はじめに
裏方と所属するアイドルたちとの親睦を深めよう、アイドル同士垣根無く仲良くなれるようなきっかけの場所を設けよう。これからの活動でもっと彼ら自身が協力し合わなければいけない場面も増えてくる。そう踏んだ私は、315プロダクションでユニット合同の宴会を開こう、という考えに至った。
このプロダクションには未成年者も多く在籍しているし、何せ大所帯。予約を取れるお店も限られているし、彼らもアイドルなので大人数で行動すると必然的にファンの視線が気になる。そこで、思いついたのだ。場所の制約があるのならば、この事務所の中ですればいいのではないか、と。

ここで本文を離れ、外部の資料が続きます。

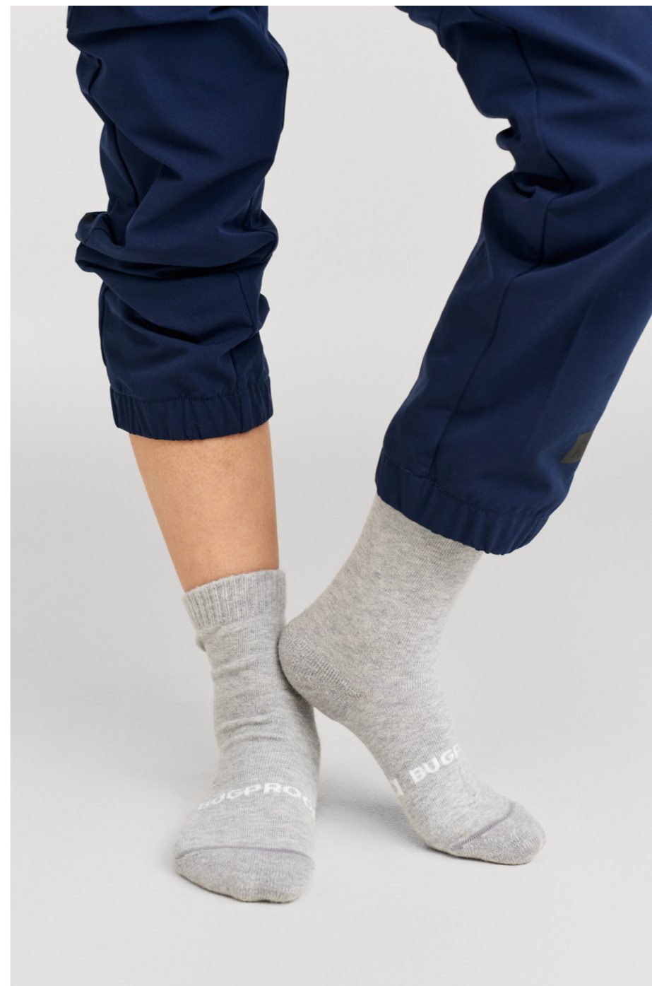
5300164G INSECT SOCKS

Reima BugProof clothing helps keep insects at bay, so kids can enjoy the outdoors more comfortably. For the best protection, it's important to cover exposed skin: use socks pulled over leg ends, pull up hoods, and tuck the shirt into the pants to keep little explorers fully covered and ready for adventure.

「山村くんすみません……運ぶの手伝って貰っちゃって……」
「大丈夫です! 名前さんだけじゃ、こんな量重いだろうし、」
「まあ50人弱分ですもんね……」
どん、と双方の腕の中にあるのはオードブルだ。お寿司の入ったもの、あとは揚げ物メインのもの。サンドイッチやフルーツの盛り合わせもある。
「名前さんは何持ち寄ってきたんです?」
「ジュースと、あとおろし大根付きだし巻き卵です! 山村くんは何ですか?」
「僕はお菓子たくさん持ってきました!」
オードブルを人数分頼んだと言っても、ここは男所帯。おそらく食料が足りなくなると考えた私は、各々アイドルたちに何か食べたい物飲みたい物持ち寄ってください、とアナウンスしたのだ。ジュースやお茶はこちらで用意出来るけれど、流石にお酒まで買うと大人の話、予算でまかなえなくなってしまう。なのでお酒も各自飲む分だけ用意してほしいと通達してある。
「でも、こんなに人数居ると被りそうですね……」
「それ思いました。ホワイトボードの裏に誰が何持ち寄るかとか書ける場所を作れば良かったかなあ」
「案外、皆さん被らなかったりするかもしれませんよ?」
「だったらいいですけどねー」
階段を上がりながらそんな話をする。
もう三十分もすれば、他の面々もレッスンや仕事を終えて集まるはず。こうやって企画をしたからには、今日はたくさん楽しんで貰いたい。そう思うのは山村くんも同じようだ。私たちは何言うことなく目線をばちりと合わせて頷いた。